Highlights & Insights¶
- The first comprehensive survey of Music AVQA, providing a systematic overview of the field.
- The argument that "general models are insufficient and specialization is required" is well-supported by empirical evidence, offering clear guidance for future research.
- The detailed analysis of dataset bias provides valuable lessons for benchmark research across all multimodal domains.
Limitations & Future Work¶
- As a survey, it lacks a new methodological contribution.
- The analysis is primarily based on secondary processing of published results, lacking a fair comparison on a unified experimental platform.
- Music AVQA datasets remain limited to relatively simple question types; complex music analysis (e.g., harmonic progression, musical form analysis) has not yet been addressed.
Related Work & Insights¶
- vs General AVQA Surveys: Specifically focuses on the music domain for the first time, revealing the limitations of general methods in musical contexts.

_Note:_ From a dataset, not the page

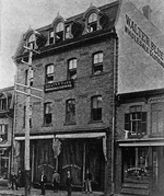 Description :FACADE DE LA 1ere MANUFACTURE DE VETEMENTS WALTER BLUE SITUE SUR LA RUE WELLINGTON (NO 169-171) PRES DU COIN KING. A L'AVANT, DES CLIENTS OU PASSANTS.

- vs Music Information Retrieval (MIR) Surveys: Approaches from a QA task perspective, supplementing the multimodal reasoning perspective missing in traditional MIR research.
Rating¶
- Novelty: ⭐⭐⭐ Survey work with limited novelty, but possesses value as the first in the field to fill the gap.
- Experimental Thoroughness: ⭐⭐⭐ Systematically organizes existing results but lacks new experiments.
- Writing Quality: ⭐⭐⭐⭐ Clearly structured and systematically analyzed.
- Value: ⭐⭐⭐⭐ Provides a comprehensive introductory guide and design instructions for Music AVQA researchers.